This camp is for ages 8 - 12 (entering grades 3, 4, 5, 6). Campers will learn juggling, clowning, mime, pyramids, tightrope walking, character study and performance techniques. The camp will be led by John Saccone.
Buttercup Summer Garden Camp
July 1 - 5 and July 8 - 12
9:00 a.m. - noon with aftercare possible.
Cost: $175.
This camp is for ages 3 1/2 - 6
Campers are lovingly held in a gentle, nature-filled environment that immerses them in magical play and discovery. There is lots of time for crafts, water play, the sandbox, walking woodland paths, and playing games. The camp will be led by Kelly Barham with help from Crary Chandler.

Felting Fun: A Fiber Craft Camp

Led by Sandy Pearson through RSU5 Recreation & Community Education

June 24 - 28

9:00 a.m. - 3:00 p.m.

Handcraft Building

This camp is appropriate for students age 10 - 12 (min. 8 students, max. 12 students.

Each morning will be spent turning eco friendly and local fleeces into items such as balls, mats, pouches, and bowls. The afternoons will be outside time to play games, hear stories, sing songs, and enjoy the fields, woods and gardens. The camp will be led by Sandy Pearson with an assistant.

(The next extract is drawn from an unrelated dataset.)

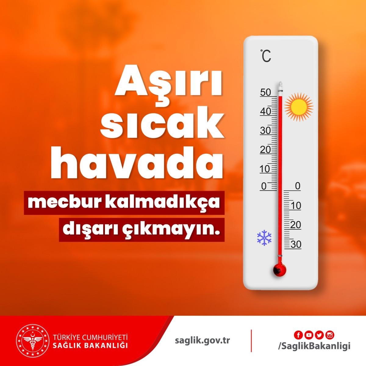 Bakanlığın Twitter hesabından hava sıcaklığının 50 dereceye ulaştığını gösteren 'Aşırı sıcak havada mecbur kalmadıkça dışarı çıkmayın' mesajı yazılı termometre fotoğrafı paylaşıldı.

Please register through RSU5 Recreation & Community Education, 207.865.6171 or www.RSU5-RCE.org

 

News From the High School


Poetry Out Loud State Finals are this Wednesday: As reported earlier, Senior Skyler Samuelson was one of five finalists selected at the Southern Regionals held last month in Biddeford. This Wednesday, March 20, she will compete against nine other contestants for the state championship at the Gracie Theater in Bangor. Doors open at 3:30 p.m. and the event begins at 4:00 p.m. For tickets and more information: http://www.brownpapertickets.com/event/346905.

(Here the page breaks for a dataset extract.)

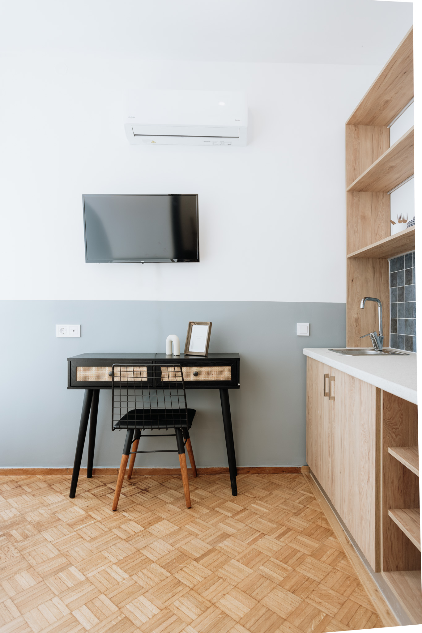 Το Light Blue Room ειναι ενα δίκλινο δωμάτιο διαθέτει δωρεάν προϊόντα περιποίησης και ιδιωτικό μπάνιο με ντους και στεγνωτήρα μαλλιών. Η κουζίνα του δίκλινου δωματίου, η οποία διαθέτει ψυγείο, είναι διαθέσιμη για μαγείρεμα και αποθήκευση τροφίμων. Το κλιματιζόμενο δίκλινο δωμάτιο προσφέρει τηλεόραση επίπεδης οθόνης, ηχομονωμένους τοίχους, καφετιέρα, ντουλάπα καθώς και θέα στη θάλασσα. Η μονάδα προσφέρει 1 κρεβάτι.

The event will be aired live on MPBN televison. 

Go Skyler! We'll all be cheering for you!

 

 

Senior Holly Perkins receives more great press for her senior project in the Maine Sunday Telegram:

Teen Dancer Leaps into her new role as ballet teacher at an orphanage in Africa. http://www.pressherald.com/news/teen-dancer-leaps-into-her-new-role-as-ballet-teacher-at-an-orphanage-in-africa_2013-03-17.html

Along with her passion, Holly Perkins will also deliver dance apparel she collected to Tanzania.

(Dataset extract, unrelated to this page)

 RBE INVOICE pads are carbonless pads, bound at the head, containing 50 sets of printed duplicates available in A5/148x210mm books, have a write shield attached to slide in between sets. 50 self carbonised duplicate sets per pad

By Bob Keyes, Maine Sunday Telegram, March 16, 2013

More press on Holly from last week in case you missed it:

Listen to Holly interviewed on 98.9 WCLZ: Link to interview

Read the article about Holly in the Forecaster:
North Yarmouth Teen to Bring Ballet to African Orphanage
By  Alex Lear, The Forecaster, March 5, 2013

 

Theme Week at the High School:

     Last week was the annual Theme Week at the high school. This year the students spent the week exploring the theme "What is Art?"  They kicked off the week with keynote speaker. Chris Pliem, a buddhist teacher from Massachusett, who spoke of the connection between meditation and art and how artists speak of producing their best work while "in the zone". He also spoke of the importance of focusing on "each step of the process", of living in the moment and not being so preoccupied with "the goal."  Tashi Armstrong demonstrated this using the art form of Japanese archery.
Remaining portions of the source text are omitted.